Hi guyz . Finally i have decided to sell my m5300 5.1 to get a quality 2.1 speakers. So please suggest me a good speakers,. I would be using it fo Games,Audio,Movies . Please Suggest me which speakers should i get !

I have googled and got some options..

Altec VS 4161
Logitech Z4
Edifier c3

I believe all within 5k. And us Logitech Z4 and Edifier C3 Still available in richtie street , chennai ?


Thanks !


----------



## alal (Jan 15, 2011)

i personally use F&d 2.1 channel stereo system with amplifier(amplifier included)
when i bought it was around 2.9 k ,maybe around 2.5k or less at this time ..u can see the thinkdigit magazine this month they have a advertisement and reliance digital ezone are some of the sealers .. its just awsome sound quality remote control and best of all .. good speakers they about 1 feet tall with 3 speakers on each with really cool 3d Surround..
its just my personal experience others like Logitech might be good but i just love F&D


----------



## vickybat (Jan 16, 2011)

Try finding the older altec lansing mx-5021


----------



## abirthedevil (Jan 16, 2011)

dont think mx5021 will come in 5k, that is if you manage to find it


----------



## karthikus (Jan 16, 2011)

Mx5021 is no available and its outta by budget in a LONG WAY ! So guyz give me some other suggestions. How about Altec 4621  or Logitech Z4


----------



## vickybat (Jan 16, 2011)

Yes , vs4621 is a good model. Should come within 3k. They sound really nice according to other members.


----------



## mayanksharma (Jan 16, 2011)

JBL Creatures II is available for 5K at Noida (Rhythm House)! Also heard about Corsair SP2500. However, they'll be ~ 10K!
Do consider the good ol' Philips MMS430 , if you can. 
Good Luck buddy.


----------



## rajan1311 (Jan 16, 2011)

vickybat said:


> Yes , vs4621 is a good model. Should come within 3k. They sound really nice according to *other members*.

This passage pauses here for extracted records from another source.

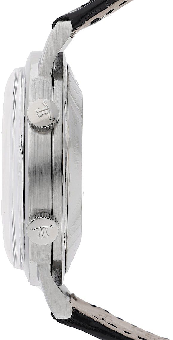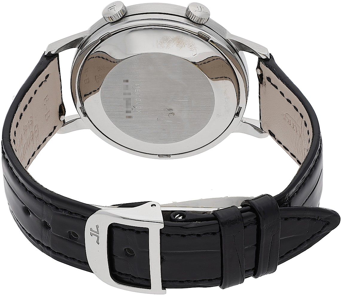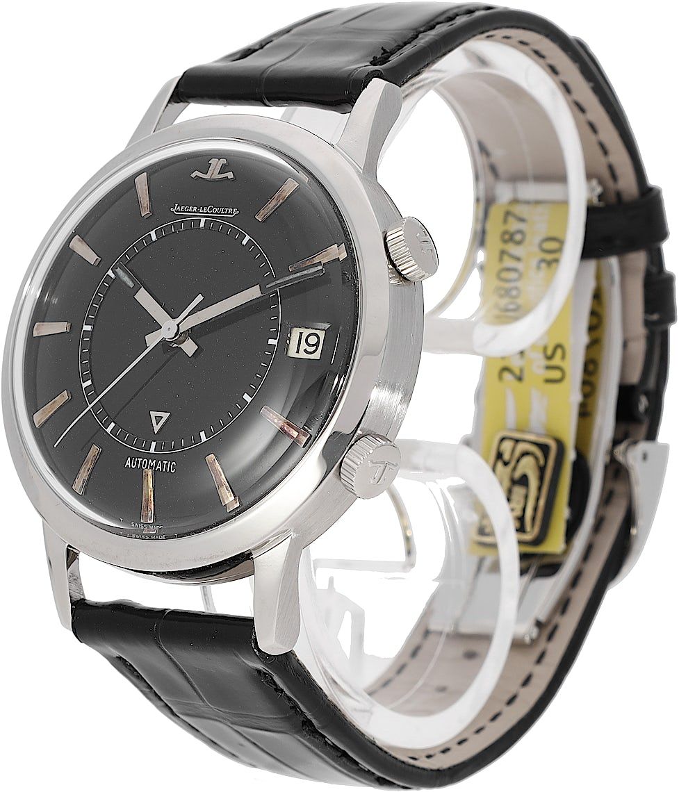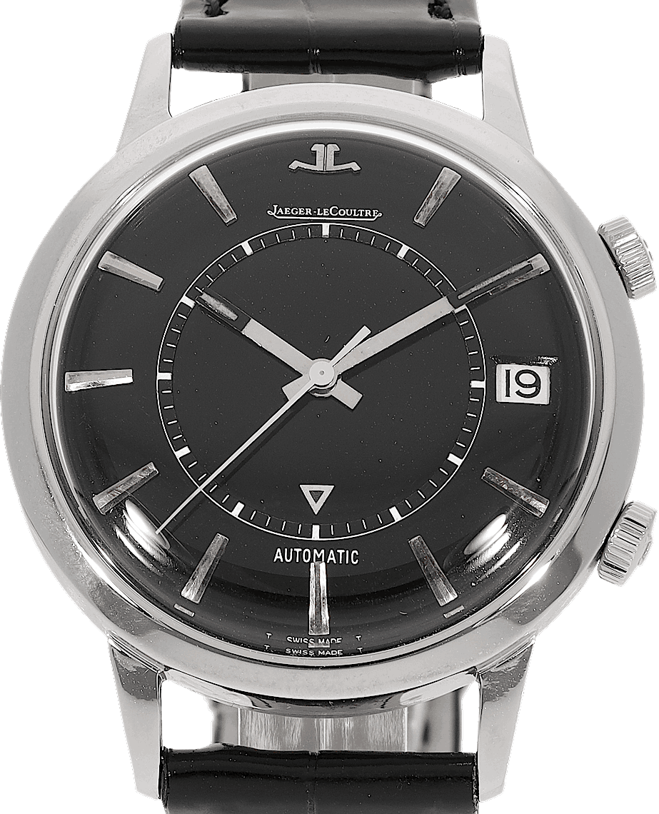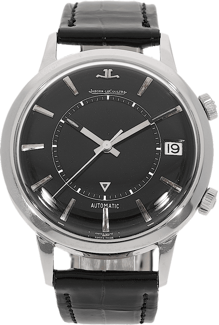 Jaeger-LeCoultre Memovox, Reference: 855, Gender: Unisex, Size: 37.5mm, Dial color: Black, Strap material: Alligator Leather, Movement: Automatic, Condition: Previously worn with some signs of usage. The movement is flawless and the case has been cleaned. watch tested to ensure full functionality. An inspection by our certified watchmakers guarantees its authenticity., Documents: Chronext Certificate
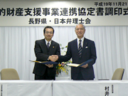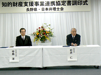 平成19年11月21日(水)、日本弁理士会と長野県との間での「知的財産の活用による地域の活性化と産業の振興のための協力に関する協定」(略称:知財支援協定)の締結に係る調印式が行われました。
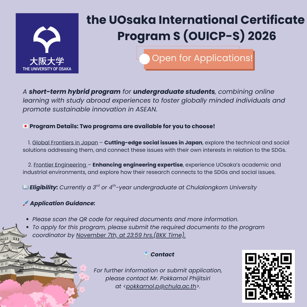 Kyoto University is pleased to announce the call for application for October 2024 Asian Future Leaders Scholarship Program (AFLSP). This program is for those who expect to enroll in a master’s degree program as a regular (degree-seeking) student at a graduate school of Kyoto University in October 2024.
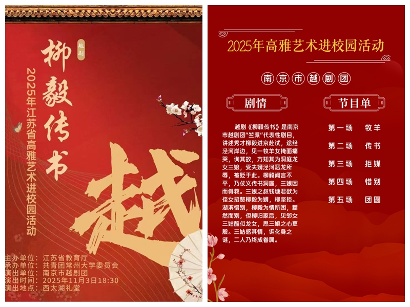 活动预告:高雅艺术进校园——南京市越剧团《柳毅传书》
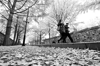 本報訊(記者 李夢婷)每年11月中上旬是北京銀杏的最佳觀賞期。北京青年報記者從圓明園獲悉,圓明園三園交界處的銀杏樹葉已有八成以上變黃了,景色美不勝收,許多游客都在銀杏樹下合影留念。

you sure they just 3k? any1 here got them ?


----------



## vickybat (Jan 16, 2011)

^^Available at 2.9k in my hometown cuttack. Had enquired a month ago when i bought my logitech z313.


----------



## karthikus (Jan 17, 2011)

Is this a sweet deal?

Bass Subwoofer Speakers - Buy Altech Lansing deep bass Subwoofer Speakers Online at Cafegadgets

And in this price range i found Logitech Z523 as well .. 

And when i googled i read lots of negatives about vs4621. Is that true? Any one owns them?


----------



## coolest111 (Jan 18, 2011)

i personally like altec lansing....they r simply gr8..........


----------



## karthikus (Jan 20, 2011)

Altec Lansing Octane 7 2.1 Speaker - RS 3770
Logitech Speaker System Z523 - RS 5665
Altec Lansing expressionist PLUS 2.1 Speakers (FX3021) -RS 4440


Altec Lansing VS4121 2.1 Speaker System  - RS 3450

Edifier. I enquired in 2-3 shops @ Richtie street chennai. They dont seem to have them. 

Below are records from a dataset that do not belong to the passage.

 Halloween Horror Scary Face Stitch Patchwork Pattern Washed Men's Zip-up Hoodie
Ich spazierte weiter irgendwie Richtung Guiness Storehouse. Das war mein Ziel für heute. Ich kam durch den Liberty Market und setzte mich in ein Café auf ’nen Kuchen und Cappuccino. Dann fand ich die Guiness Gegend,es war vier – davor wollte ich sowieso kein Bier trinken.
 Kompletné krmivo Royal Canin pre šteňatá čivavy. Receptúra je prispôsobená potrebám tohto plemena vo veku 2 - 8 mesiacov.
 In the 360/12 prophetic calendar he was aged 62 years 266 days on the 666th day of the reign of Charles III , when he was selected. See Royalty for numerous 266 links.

So which among these is the best buy ? Urgent !! Please reply !


----------



## VarDOS (Jan 21, 2011)

Availibility of Edifier C3 is very rare and the shops having them quotes every heavy price. Some months ago Alfa @ Irla was selling C3 @ 5k was very good deal.

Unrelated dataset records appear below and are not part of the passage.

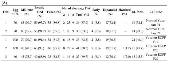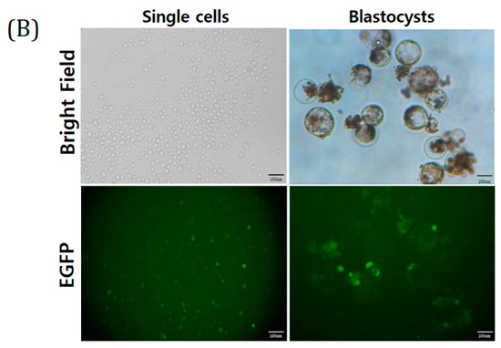 The TG donor cell line (Yucatan EGFP) used for SCNT was obtained from Kim’s Lab (Korea University, Seoul, Korea). This is a Yucatan miniature pig cell line that shows EGFP expression. SCNT was performed by selecting only mature oocytes in metaphase II (MII). The MII oocytes were washed using calcium-free HEPES-buffered Tyrode’s medium (0.05% w/v) containing 0.2% bovine serum albumin (TLH-BSA). Enucleation was performed using a 16-mm glass pipette (Humagen, Origio, Charlostesville, VA, USA) from a micro-manipulator in TLH containing 5 μg/mL cytochalasin B. After enucleation, trypsinized TG donor cells were transferred into the perivitelline space of enucleated oocytes, which were then fused by two pulses with a direct current of 180 V/mm for 60 μs in a 260 mM mannitol solution containing 0.1 mM CaCl2 and 0.05 mM MgCl2 using a cell fusion generator (LF201; Nepa Gene, Chiba, Japan). After electrical fusion, the SCNT embryos were incubated in 30 µL porcine zygote medium (PZM) droplets with 6DMAP (0.4 μg/mL demecolcine and 6-dimethyl aminopurine) for 4 h post-activation. Finally, the embryos were transferred to PZM droplets for IVC. On the second day after fusion, embryo CL was evaluated (1-cell, 2–3-cell, 4–5-cell, 6–8-cell stages, and fragmented embryos) and transferred to new PZM droplets. On the 4th day, the embryos were transferred to PZM droplets containing 10% fetal bovine serum (FBS). On the 7th day after fusion, BL formation was evaluated quantitatively (early, expanded, and hatched BL).
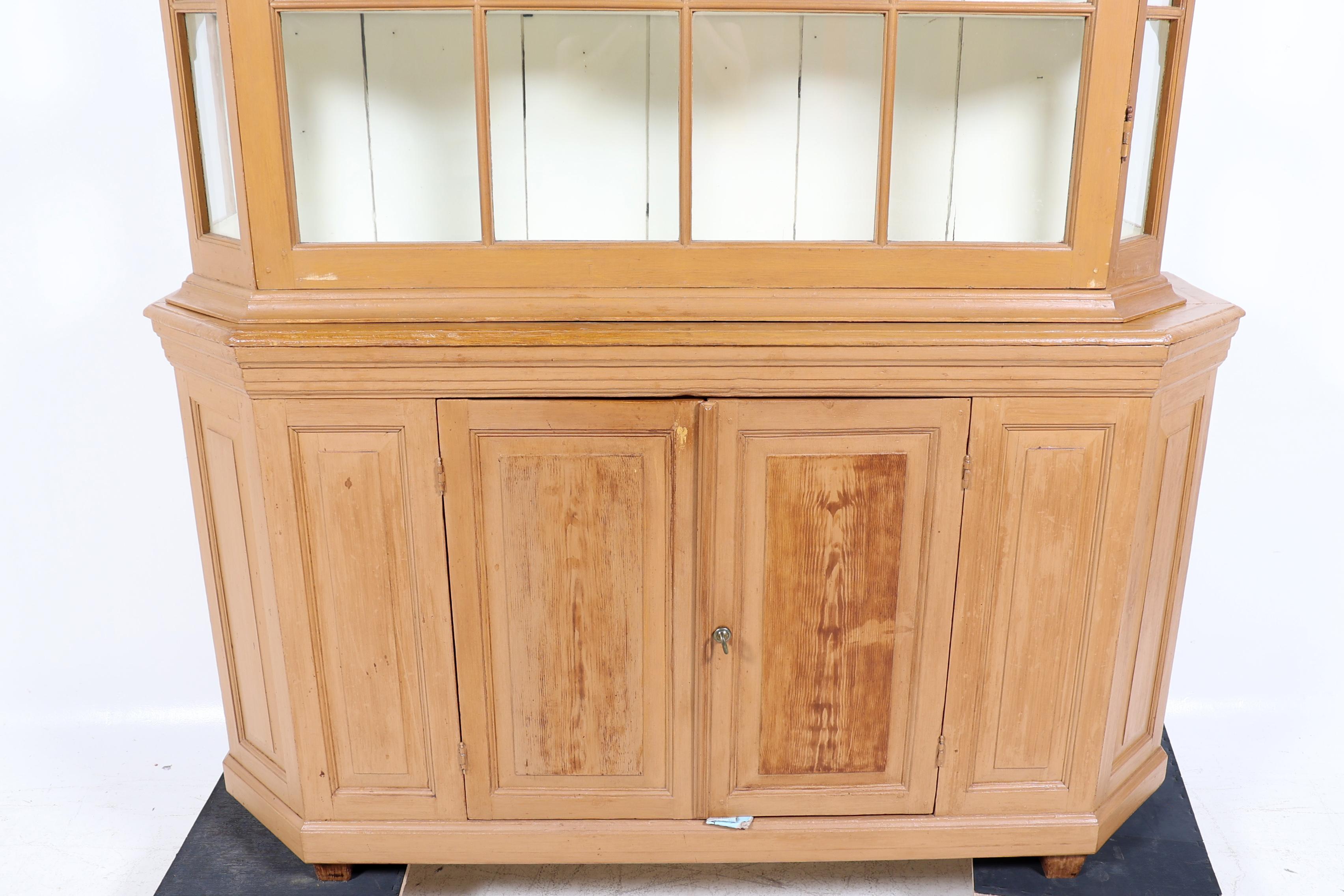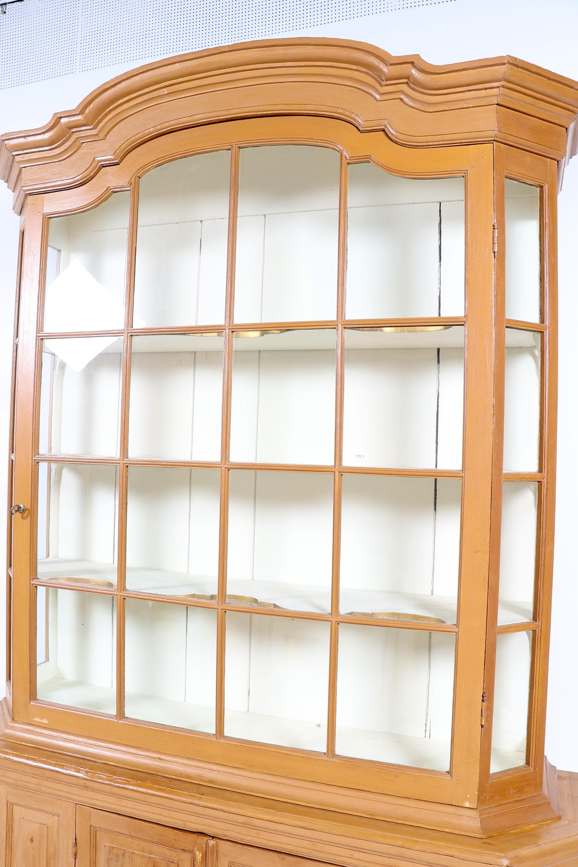Antieke beschilderde vitrinekast met 2 dichte deuren in de onderkast, h.269 x b.175 x d.48 cm.
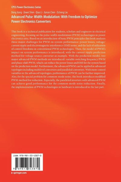 This book is a technical publication for students, scholars and engineers in electrical engineering, focusing on the pulse-width-modulation (PWM) technologies in power electronics area. Based on an introduction of basic PWM principles this book analyzes three major challenges for PWM on system performance: power losses, voltage/current ripple and electromagnetic interference (EMI) noise, and the lack of utilization of control freedoms in conventional PWM technologies. Then, the model of PWM's impact on system performance is introduced, with the current ripple prediction method for voltage source converter as example. With the prediction model, two major advanced PWM methods are introduced: variable switching frequency PWM and phase-shift PWM, which can reduce the power losses and EMI for the system based on the prediction model. Furthermore, the advanced PWM can be applied in advanced topologies including multilevel converters and paralleled converters. With more control variables in the advanced topologies, performance of PWM can be further improved. Also, for the special problem for common-mode noise, this book introduces modified PWM method for reduction. Especially, the paralleled inverters with advanced PWM can achieve good performance for the common-mode noise reduction. Finally, the implementation of PWM technologies in hardware is introduced in the last part.
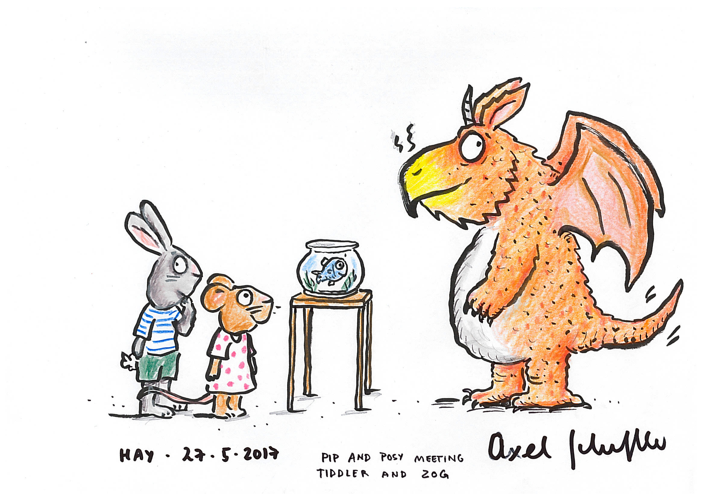 Bid for Axel's drawing of Pip and Posy meeting Zog and raise money for Three Peas charitable work helping refugee families and individuals in Greece.
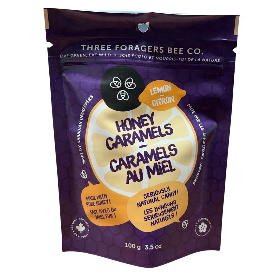 Relish the natural sweetness of Three Foragers Bee Co.'s Honey Caramels. Made with pure Canadian honey and free from refined sugars, these caramels offer a guilt-free indulgence that's as wholesome as it is delicious. Three Foragers is based in the wide open prairies surrounding Saskatoon, Saskatchewan and the rich forests in the Cowichan Valley of Vancouver Island, BC.
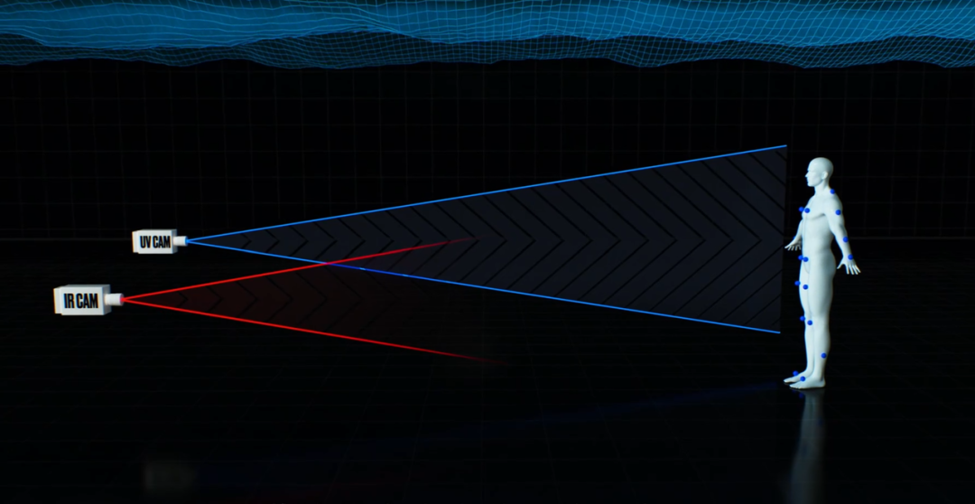 為此,團隊創(chuàng)造了一個匪夷所思的“雙層虛擬攝影棚”:上層空間(空氣中)使用傳統(tǒng)的紅外攝影機系統(tǒng);下層空間(水中)使用新開發(fā)的紫外線攝影機系統(tǒng)。

Anyways VS4121 will be good.


----------



## vickybat (Jan 21, 2011)

karthikus said:


> Altec Lansing Octane 7 2.1 Speaker - RS 3770
> Logitech Speaker System Z523 - RS 5665
> Altec Lansing expressionist PLUS 2.1 Speakers (FX3021) -RS 4440
> 
> ...




Imo, you should go for the logitech z523. Don't buy octane 7 as it just looks good. If on a budget, the altec lansing vs 4621 is a great choice.


----------



## somulesnar (Jan 23, 2011)

vickybat said:


> ^^Available at 2.9k in my hometown cuttack. Had enquired a month ago when i bought my logitech z313.



@vickybat

Yes buddy you are absolutely right. In cuttack it available in the exact budget u stated. A friend of mine stated that earlier.

@karthikus

i wud suggest u to get the Logitech z523 for 4k. u can perfectly analize by going through this link.

Logitech Z523 Reviews

Take ur decisions carefully..


----------



## karthikus (Jan 23, 2011)

Thanks for the suggestions guyz ! Finally i bought vs 4121


----------



## abhidev (Jan 31, 2011)

karthikus said:


> Thanks for the suggestions guyz ! Finally i bought vs 4121



How much did it cost?? hows the experience?


----------



## sarincv (Feb 15, 2011)

I was also searching for a 2.1 under 4000 and finally bought Edifier M3300. It's available in some ebay shops. Great sound. Especially the mid and high. Ideal for music listening in this price range.


----------